TASK REQUIREMENTS – Set down the full listing below word for word; pictures stay out of the copy.

DATA SECTION –
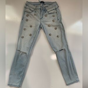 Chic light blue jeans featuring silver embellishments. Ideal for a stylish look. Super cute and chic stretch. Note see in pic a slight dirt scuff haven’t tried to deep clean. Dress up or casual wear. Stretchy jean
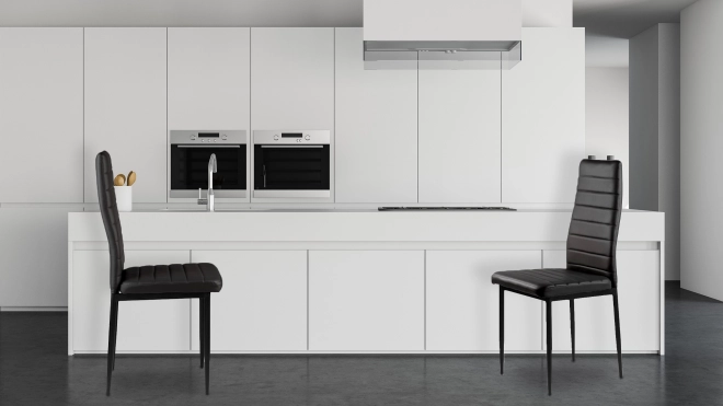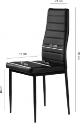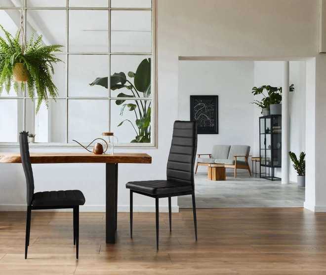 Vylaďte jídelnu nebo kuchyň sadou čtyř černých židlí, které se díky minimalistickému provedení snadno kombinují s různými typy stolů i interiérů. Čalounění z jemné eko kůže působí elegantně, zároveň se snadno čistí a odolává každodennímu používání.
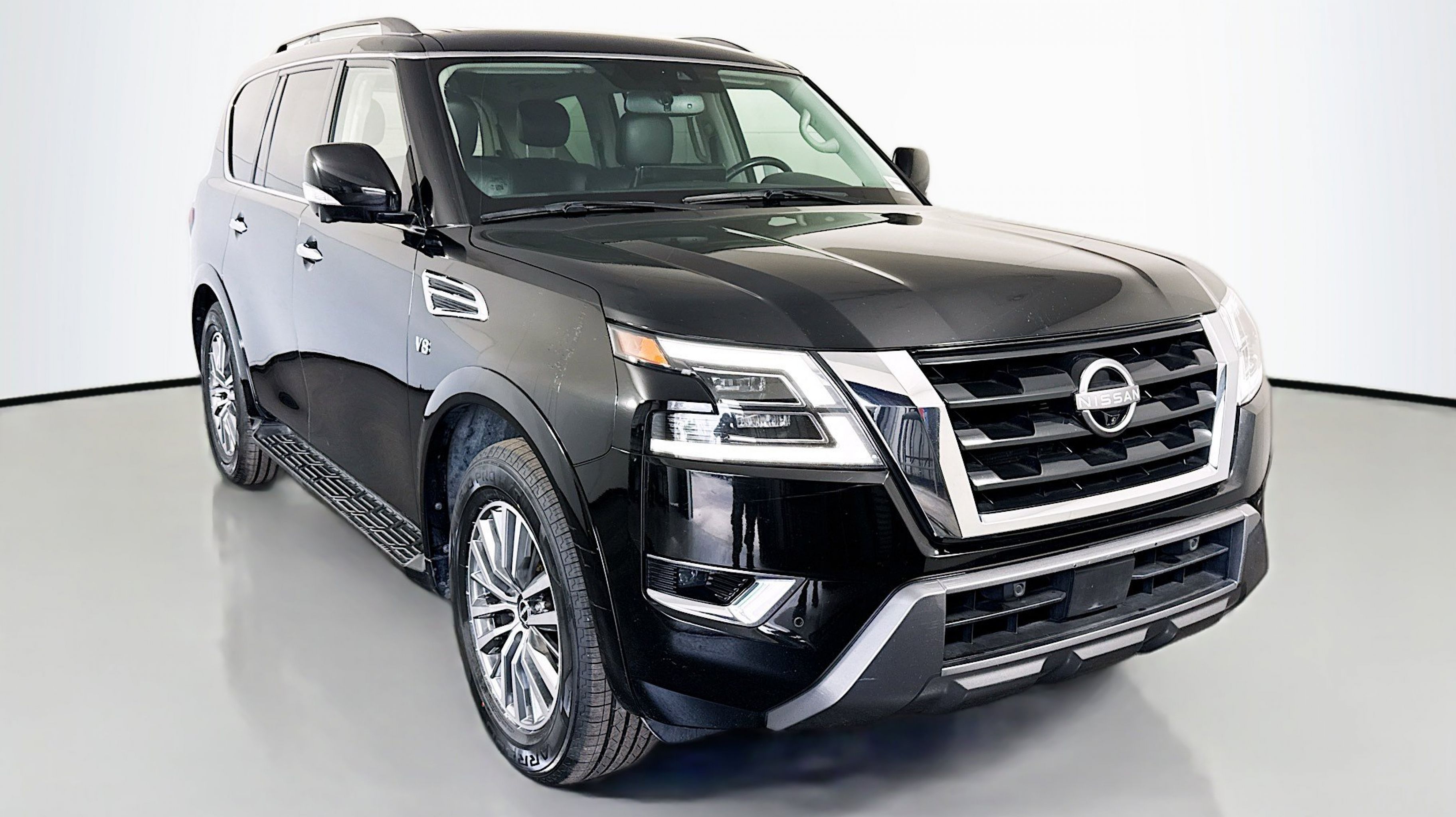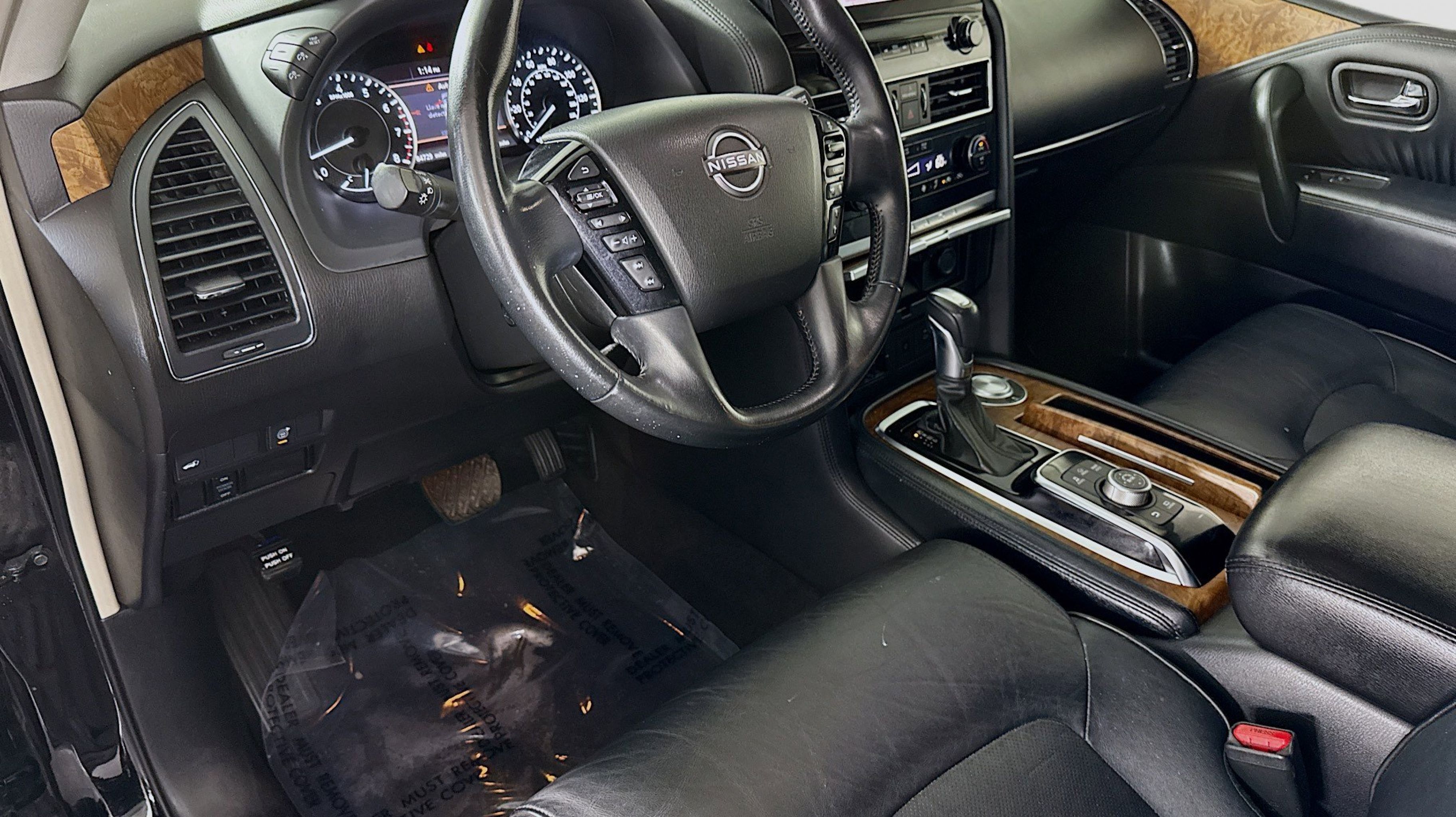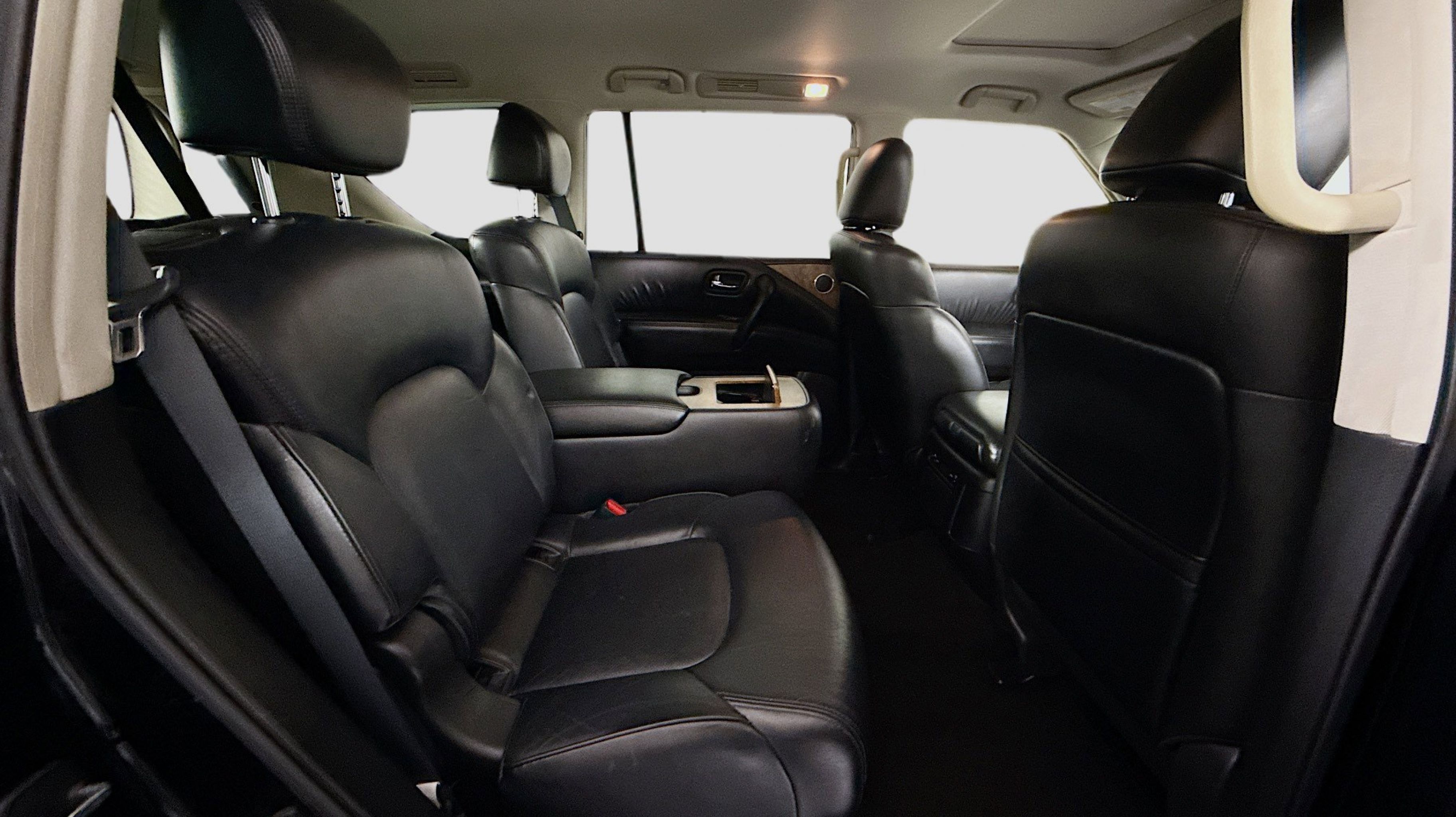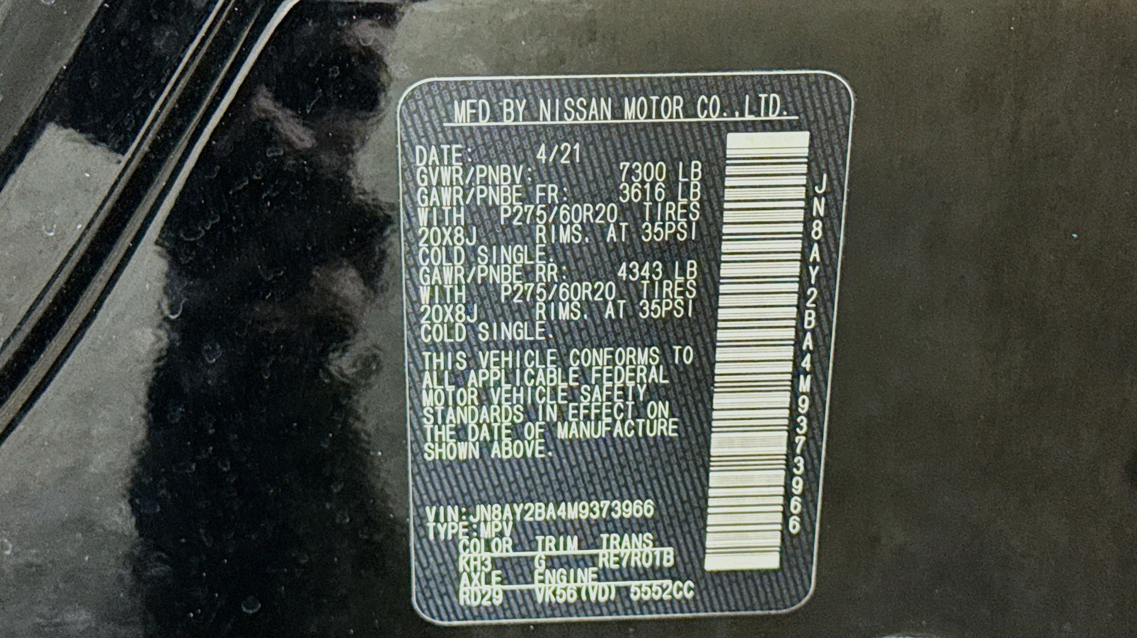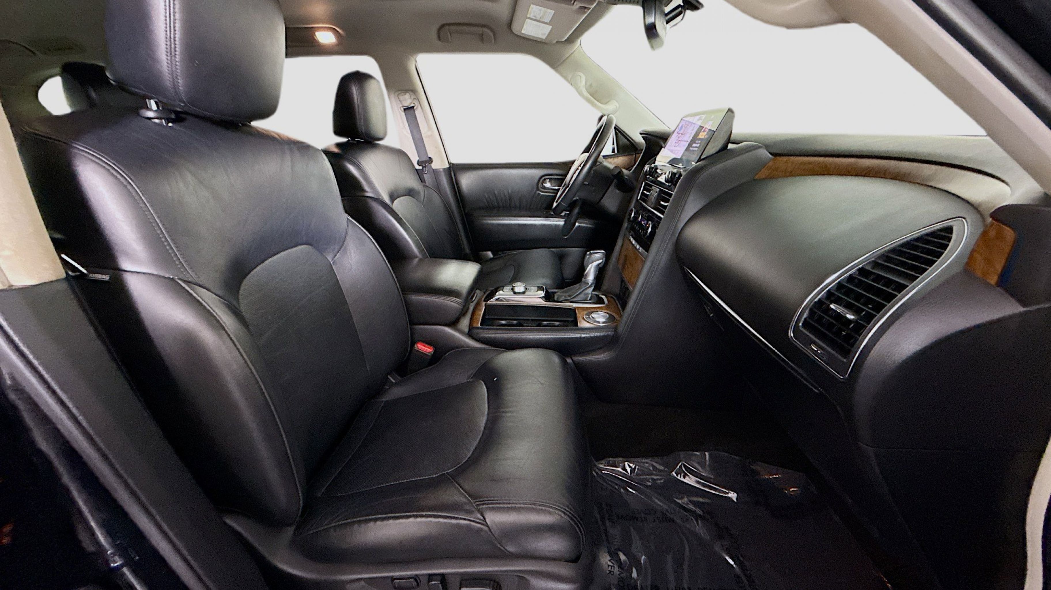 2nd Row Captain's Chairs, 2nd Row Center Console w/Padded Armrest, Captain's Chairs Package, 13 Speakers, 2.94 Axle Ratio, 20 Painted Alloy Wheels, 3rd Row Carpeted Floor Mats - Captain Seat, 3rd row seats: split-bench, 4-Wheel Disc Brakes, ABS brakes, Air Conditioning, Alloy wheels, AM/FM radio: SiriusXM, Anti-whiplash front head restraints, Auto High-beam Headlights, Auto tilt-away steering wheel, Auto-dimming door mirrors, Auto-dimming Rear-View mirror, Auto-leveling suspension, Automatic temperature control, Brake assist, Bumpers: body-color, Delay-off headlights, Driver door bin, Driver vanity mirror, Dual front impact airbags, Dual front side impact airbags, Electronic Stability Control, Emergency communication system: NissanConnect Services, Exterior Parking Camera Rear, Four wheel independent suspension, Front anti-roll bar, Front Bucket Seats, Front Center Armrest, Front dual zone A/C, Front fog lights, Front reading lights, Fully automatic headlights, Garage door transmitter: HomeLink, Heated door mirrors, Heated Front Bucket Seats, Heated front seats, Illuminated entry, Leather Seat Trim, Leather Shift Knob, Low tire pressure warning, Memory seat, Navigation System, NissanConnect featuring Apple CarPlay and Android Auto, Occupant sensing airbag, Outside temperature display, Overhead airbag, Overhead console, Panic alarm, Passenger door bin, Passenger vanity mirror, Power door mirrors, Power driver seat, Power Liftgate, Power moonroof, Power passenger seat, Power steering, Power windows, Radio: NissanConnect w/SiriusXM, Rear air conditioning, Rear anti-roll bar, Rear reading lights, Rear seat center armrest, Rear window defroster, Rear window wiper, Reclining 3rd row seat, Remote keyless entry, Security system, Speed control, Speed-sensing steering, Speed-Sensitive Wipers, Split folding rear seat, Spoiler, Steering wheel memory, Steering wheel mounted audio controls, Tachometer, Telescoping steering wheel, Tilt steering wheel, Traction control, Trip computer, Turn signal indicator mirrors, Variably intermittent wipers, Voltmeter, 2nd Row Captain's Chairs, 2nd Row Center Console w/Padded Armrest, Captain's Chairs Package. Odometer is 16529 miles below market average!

ANSWER TO THE EXERCISE –
 Chic light blue jeans featuring silver embellishments. Ideal for a stylish look. Super cute and chic stretch. Note see in pic a slight dirt scuff haven’t tried to deep clean. Dress up or casual wear. Stretchy jean
 Vylaďte jídelnu nebo kuchyň sadou čtyř černých židlí, které se díky minimalistickému provedení snadno kombinují s různými typy stolů i interiérů. Čalounění z jemné eko kůže působí elegantně, zároveň se snadno čistí a odolává každodennímu používání.
 2nd Row Captain's Chairs, 2nd Row Center Console w/Padded Armrest, Captain's Chairs Package, 13 Speakers, 2.94 Axle Ratio, 20 Painted Alloy Wheels, 3rd Row Carpeted Floor Mats - Captain Seat, 3rd row seats: split-bench, 4-Wheel Disc Brakes, ABS brakes, Air Conditioning, Alloy wheels, AM/FM radio: SiriusXM, Anti-whiplash front head restraints, Auto High-beam Headlights, Auto tilt-away steering wheel, Auto-dimming door mirrors, Auto-dimming Rear-View mirror, Auto-leveling suspension, Automatic temperature control, Brake assist, Bumpers: body-color, Delay-off headlights, Driver door bin, Driver vanity mirror, Dual front impact airbags, Dual front side impact airbags, Electronic Stability Control, Emergency communication system: NissanConnect Services, Exterior Parking Camera Rear, Four wheel independent suspension, Front anti-roll bar, Front Bucket Seats, Front Center Armrest, Front dual zone A/C, Front fog lights, Front reading lights, Fully automatic headlights, Garage door transmitter: HomeLink, Heated door mirrors, Heated Front Bucket Seats, Heated front seats, Illuminated entry, Leather Seat Trim, Leather Shift Knob, Low tire pressure warning, Memory seat, Navigation System, NissanConnect featuring Apple CarPlay and Android Auto, Occupant sensing airbag, Outside temperature display, Overhead airbag, Overhead console, Panic alarm, Passenger door bin, Passenger vanity mirror, Power door mirrors, Power driver seat, Power Liftgate, Power moonroof, Power passenger seat, Power steering, Power windows, Radio: NissanConnect w/SiriusXM, Rear air conditioning, Rear anti-roll bar, Rear reading lights, Rear seat center armrest, Rear window defroster, Rear window wiper, Reclining 3rd row seat, Remote keyless entry, Security system, Speed control, Speed-sensing steering, Speed-Sensitive Wipers, Split folding rear seat, Spoiler, Steering wheel memory, Steering wheel mounted audio controls, Tachometer, Telescoping steering wheel, Tilt steering wheel, Traction control, Trip computer, Turn signal indicator mirrors, Variably intermittent wipers, Voltmeter, 2nd Row Captain's Chairs, 2nd Row Center Console w/Padded Armrest, Captain's Chairs Package. Odometer is 16529 miles below market average!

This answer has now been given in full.